A small group of protesters gathered outside the courthouse Wednesday, carrying signs bearing slogans such as, "Not your uterus, not your decision" and "Defend medication abortion."

Lindsay London, a 41-year-old nurse, said the case was "100 percent ideologically based."

"If they were concerned about people's health there would be many other actions they would be taking.
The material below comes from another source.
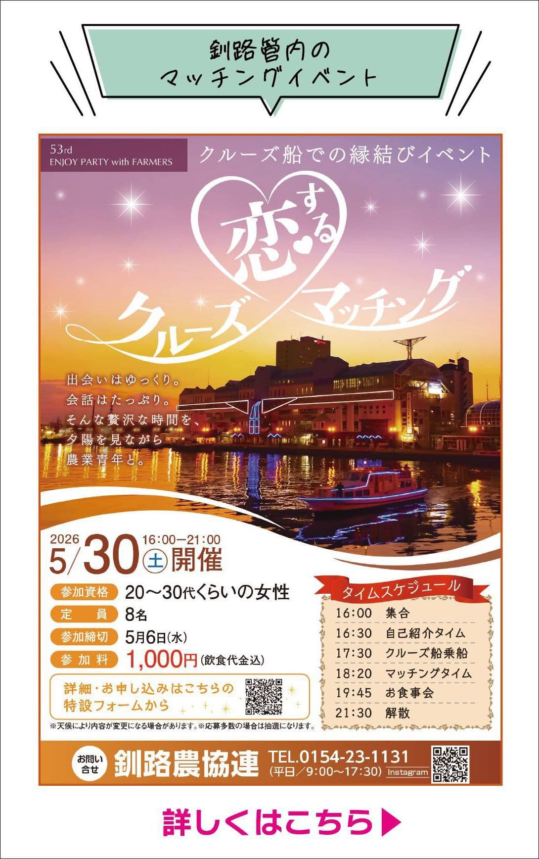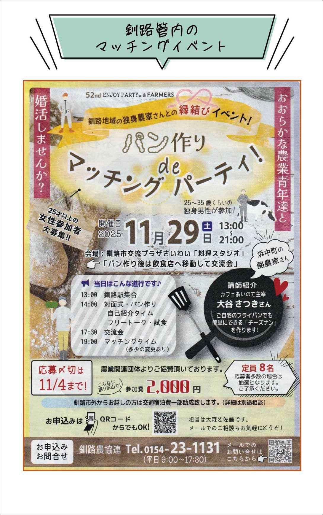 浜中町農業青年と出会いの予感!! たくさんのご応募いただきありがとうございました。 冬の婚活ツアーは、終了しました。 酪農家との婚活イベント 問い合わせ 浜中町農業後継者対策推進協議会へのお問い合わせフォームを設けています。浜中町の酪農後継者にご関心がある方、さまざまな婚活のプランご用意しております。 さらに詳しく

It's ideological, not based in science."

Record of safety


One component of a two-drug regimen used for medication abortion, mifepristone can be used in the United States through the first 10 weeks of pregnancy.

It has a long safety record, and the FDA estimates 5.6 million Americans have used it to terminate pregnancies since it was approved.

But the Alliance Defending Freedom, a conservative Christian advocacy group, sued the FDA, saying the approval of mifepristone "disavow(ed)" science, "ignored" potential health impacts and "disregarded" the complications that can arise with its use.
People wait in line to enter the courthouse in Amarillo, Texas where a conservative judge with a personal history of opposition to abortion is hearing a case on medication abortion © Moisés ÁVILA / AFP

"The FDA failed America's women and girls when it chose politics over science and approved chemical abortion drugs for use in the United States," they said.

The FDA has urged the judge to reject the request.

"The public interest would be dramatically harmed by effectively withdrawing from the marketplace a safe and effective drug that has lawfully been on the market for 22 years," it said.
Already banned in some states

Currently, some 15 states have laws restricting access to mifepristone by requiring a physician provide it, according to the Guttmacher Institute, a reproductive health policy and research group.

Abortion care has halted in another 13 states after the Supreme Court overturned the long-established constitutional right last June.

The Texas suit seeks to block mifepristone nationally by overturning the FDA's approval of the drug, and asks Kacsmaryk to first suspend the approval via injunction -- an effective ban -- while the lawsuit proceeds through his court.

Abortion rights groups say a ruling blocking mifepristone would be as earth-shaking as the Supreme Court's ruling last year.

"Access to medication abortion would end across the country -- even in those states where abortion rights are protected," the Center for Reproductive Rights said.

If Kacsmaryk does rule for a temporary ban on mifepristone, the FDA would likely immediately appeal it, on the basis of the drug's history and its own authority to regulate pharmaceuticals.

But abortion rights advocates were preparing for the worst.

"It seems unbelievable that a lone judge in Texas could make a ruling that would impact a product that has been FDA approved and safely marketed for more than two decades," said Elisa Wells, co-founder of Plan C, which helps people access medical abortions.